OTC Elite Week, Day 3: Dives with Erik van Ingen

Photo: Gruener

OTC Elite Week, Day 3:

Dives with Erik van Ingen

by The Trailer

EUGENE – Erik van Ingen is not afraid to leap if he has to.

“I don’t think getting beat, whether it’s at conference or NCAAs, sees a venue,” the 23-year-old says. “It’s the same as a footrace when you’re a kid, or racing bikes around the neighborhood.

“It’s raw competition. Diving just happens.”

Of course, it’s not like van Ingen, of Marathon, N.Y., dives all the time—at last count, he’s dived for the tape in a race only three times in his running career: once in high school, and twice as a Binghamton Bearcat. (If you’re wondering, he’s gone two for three, which seem like pretty good odds.)

But diving does happen, and the last time, in May during his final collegiate season, van Ingen was defending his America East 1,500m title from 2011. “There’s an obligation to the team,” he says, “and I need to get as many points for as I can for the team.
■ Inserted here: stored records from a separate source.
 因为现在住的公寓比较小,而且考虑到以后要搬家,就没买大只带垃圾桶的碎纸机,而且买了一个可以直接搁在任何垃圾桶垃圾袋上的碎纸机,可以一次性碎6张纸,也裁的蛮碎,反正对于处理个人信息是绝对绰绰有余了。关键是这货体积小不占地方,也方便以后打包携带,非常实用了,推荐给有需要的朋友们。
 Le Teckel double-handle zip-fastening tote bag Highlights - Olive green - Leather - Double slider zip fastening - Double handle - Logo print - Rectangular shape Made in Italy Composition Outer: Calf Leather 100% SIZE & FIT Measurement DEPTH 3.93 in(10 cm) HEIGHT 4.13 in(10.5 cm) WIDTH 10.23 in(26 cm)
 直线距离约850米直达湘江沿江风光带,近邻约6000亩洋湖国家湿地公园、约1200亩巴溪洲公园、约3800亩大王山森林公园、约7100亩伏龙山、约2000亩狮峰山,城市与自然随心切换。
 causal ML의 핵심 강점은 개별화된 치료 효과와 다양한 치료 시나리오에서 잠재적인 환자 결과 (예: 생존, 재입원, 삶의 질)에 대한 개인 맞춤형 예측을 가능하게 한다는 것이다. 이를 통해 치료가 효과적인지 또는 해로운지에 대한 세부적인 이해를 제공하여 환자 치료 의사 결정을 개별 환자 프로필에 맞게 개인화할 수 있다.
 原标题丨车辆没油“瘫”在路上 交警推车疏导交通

But at the same time I need to expend as little energy as possible for myself.”

Photo: Gruener

So van Ingen was “not up in everyone’s ass,” laying back and waiting for the pace to take its toll. He began moving up at 300 meters to go, but coming into the final straight, found himself farther back than he would have liked. He remembers thinking, “Oh, shit, this is not good.”

“If I lose it, that’s two points for our team, and of course my pride is on the line—big dog at the meet, I don’t want to lose an America East title,” he says. “So I’m hauling ass down the stretch, and I get to the line, and I was like, well, Erik, you’re an idiot.

“And I dove.”

What you need to know about diving for the tape is that there is no flash of Zen when you are weightless, pondering great questions of the universe and reciting Pi to the 235th degree. Van Ingen, in his three experiences, remembers not one tranquil moment when the world seemed slow-mo and the brush of the tape was the only sensation.
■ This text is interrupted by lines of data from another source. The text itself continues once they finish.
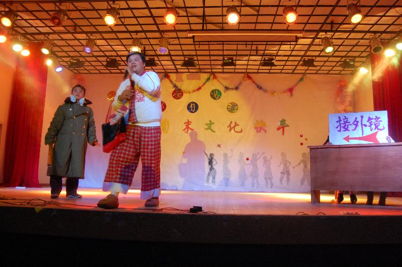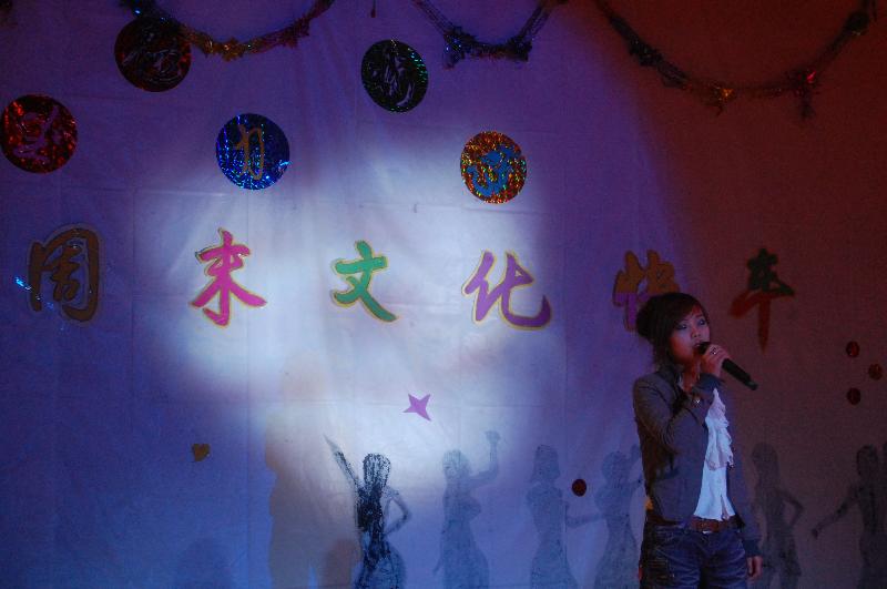 12月17日晚,由团委、学生会、社团联合会主办的2009年“华美恋尘,魅力诱惑”周末文化快车在大学生活动中心举行。办公室主任张柏平,中文系主任傅瑛,社科系主任陈录生,办公室主任助理张俊忠,艺术与体育系副主任张甲楠,学工部副部长、团委书记李明,学工部、团委及各系有关老师和600余名同学共同观看了晚会。
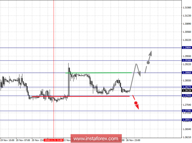 По паре Евро/Доллар ключевыми уровнями в масштабе Н1 являются: 1.1430, 1.1403, 1.1372, 1.1352, 1.1315, 1.1289, 1.1271 и 1.1244. Здесь мы продолжаем следить за нисходящей структурой от 20 ноября. Продолжения движения книзу ожидаем после пробоя 1.1315, в данном случае цель - 1.1289, в коридоре 1.1289 – 1.1271 консолидация цены. Потенциальным значением для низа считаем уровень 1.1244, от которого ожидаем откат кверху.
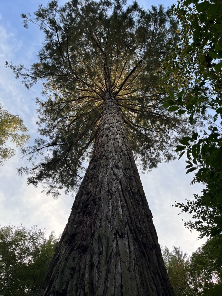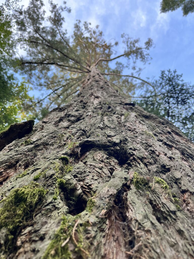 Uralten Sequoia Gigant umarmt. Versucht zu umarmen. Grob geschätzter Stammumfang: um die zehn Meter, wenigstens. Vielleicht. Höhe: mindestens 25 Meter, vielleicht auch 30.
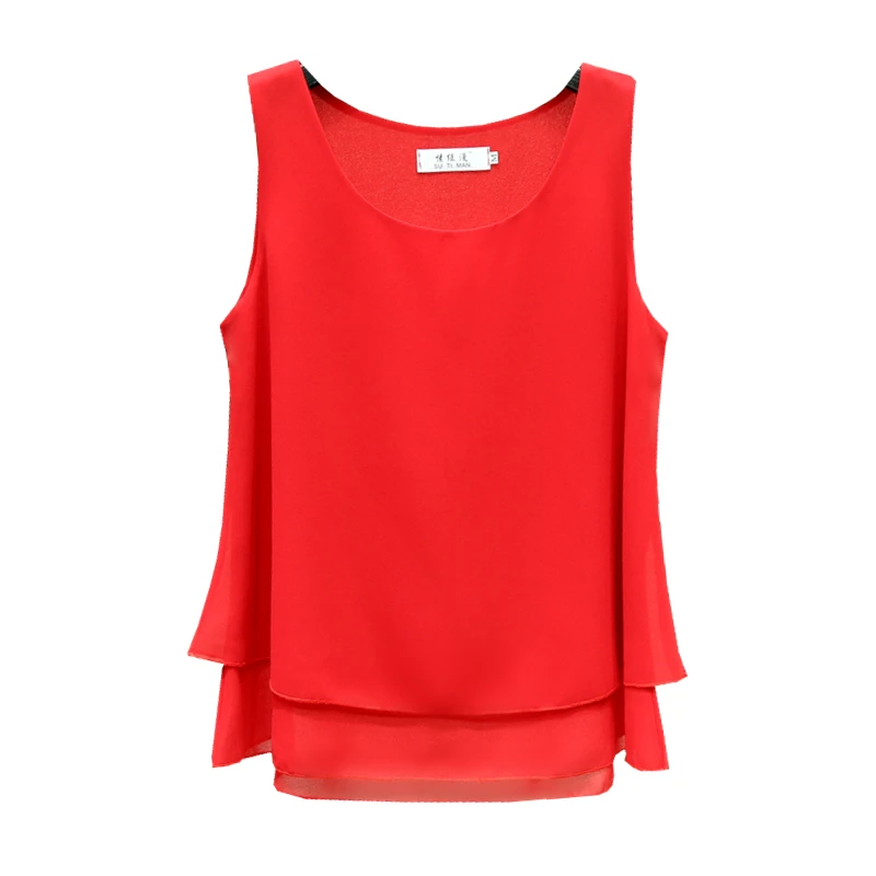 New 2019 New Fashion Summer Chiffon Blouses Women Plus Size 4XL Loose Sleeveless O-Neck Tops 13 Colors
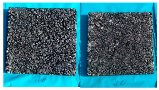 Prepared slabs using RAR additive with contents: 10% (left) and 20% (right) (slabs code: HC).
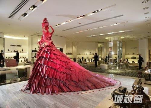 Zoe Bradley,英国女艺术家。目前专注于使用折纸创作时尚店铺及橱窗装饰,目前合作过的品牌包括Tiffany,LV,Alexander McQueen等。她用3000朵红色纸玫瑰做成长裙,向已故“英伦玫瑰”戴安娜王妃致敬。
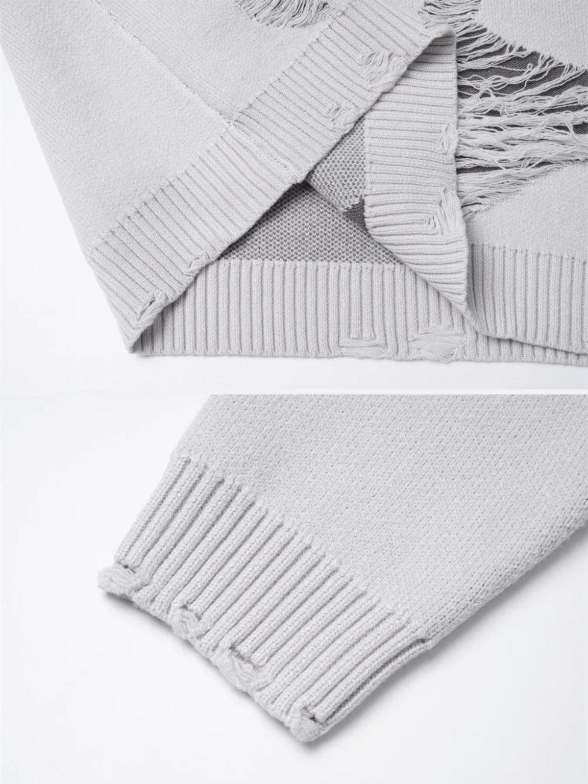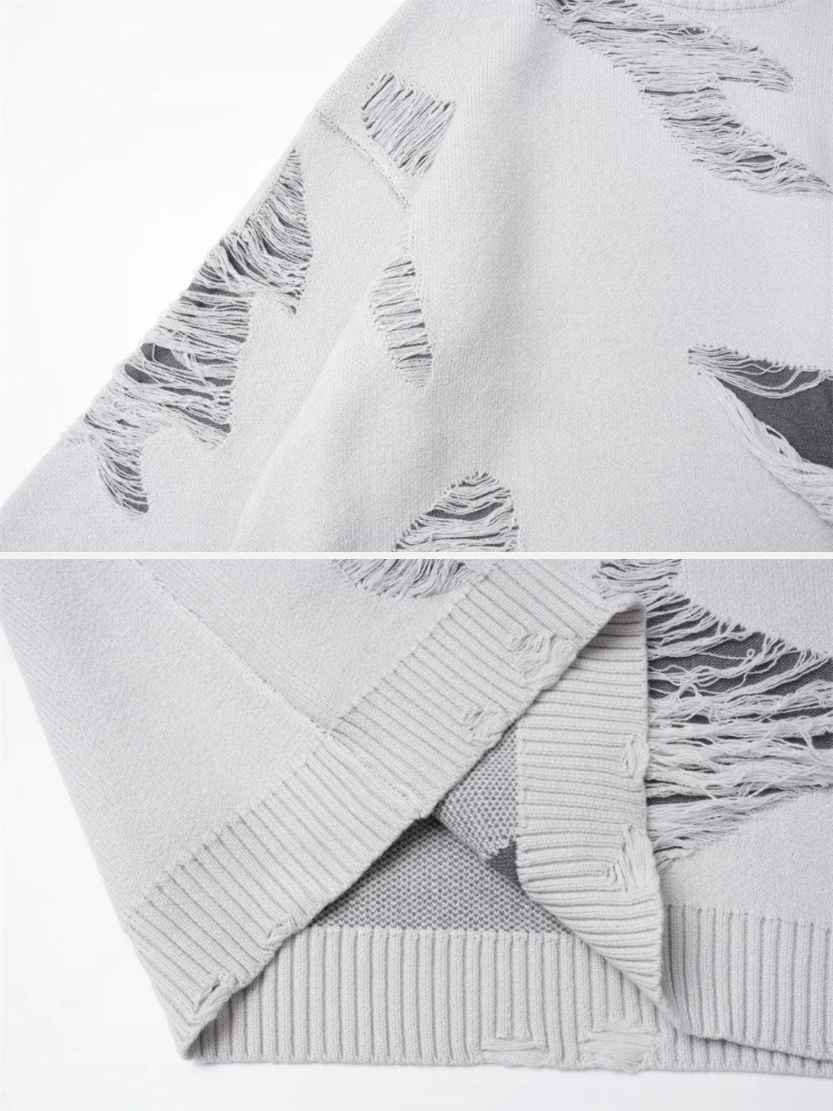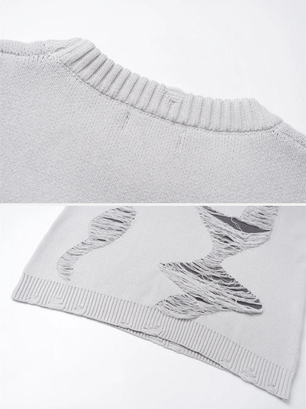 Dare to redefine streetwear fashion with this audacious piece, featuring a bold interplay of edgy cutouts and dynamic textures that scream urban rebellion. The distressed detailing in deep black or sleek gray creates a raw aesthetic, perfect for layering over your favorite basics. Available in sizes S to XL, its relaxed fit ensures comfort while keeping your look effortlessly cool. Whether you’re hitting the streets or crafting your next y2k outfit, this sweater is your go-to for instant outfit inspo. Grab yours now and let your style speak volumes.
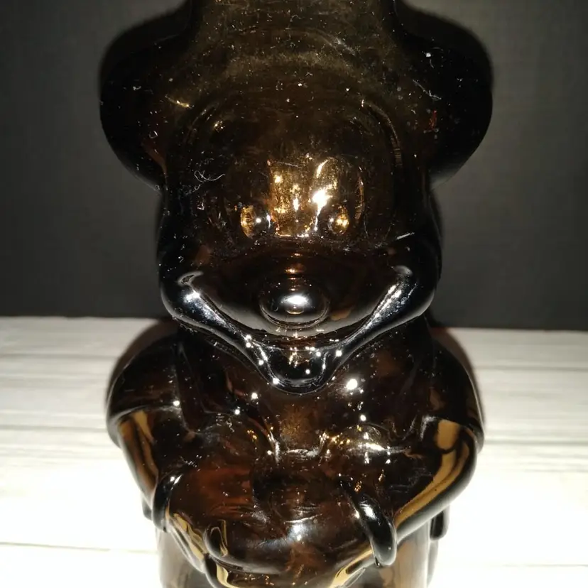 Vintage MCM 1970’s Walt Disney Productions Mickey Mouse Club Glass Piggy Bank. Has some wear from age use and storage. Sold as is.

What you remember when diving for the tape, he says, is hitting the track. Hard.

“The deceleration is stunning, going from as fast as you can to nothing really quick,” he says. “And then you get up, thinking, oh, that was fine. You look down and see you’re all scraped up.”

Photo: Gruener

After May’s dive, because of the weeping and oozing and pussing, van Ingen couldn’t wear jeans for a week. And then there were all the Superman jokes.

“I came back after the weekend on Monday and I’m in the training room, and our head trainer’s busting my balls about it,” he says. “It’s like, ‘Fine, ha ha ha, I get it.’”

But the same instinct that makes van Ingen dive is the same instinct that has made him great. Going to tiny Binghamton (irony: he actually transferred in after spending time at a smaller school his freshman year), he’s sent shockwaves across the country. His four All-American honors are the real deal.

With 3:38.06 and 3:56.37 1,500m and mile bests, van Ingen’s recruitment to the OTC Elite might seem obvious. But his willingness to dive—to win—make him most attractive. He dives for the tape; he dives across the country to Eugene, a risk with potentially a hard fall at its end.

He says, “Maybe I’ll stop doing stuff like that if races start getting judged on points or something instead of the time.

“People say, ‘Oh, you dove. You look like a jackass.’ But yeah, I dove, and I got what I wanted.”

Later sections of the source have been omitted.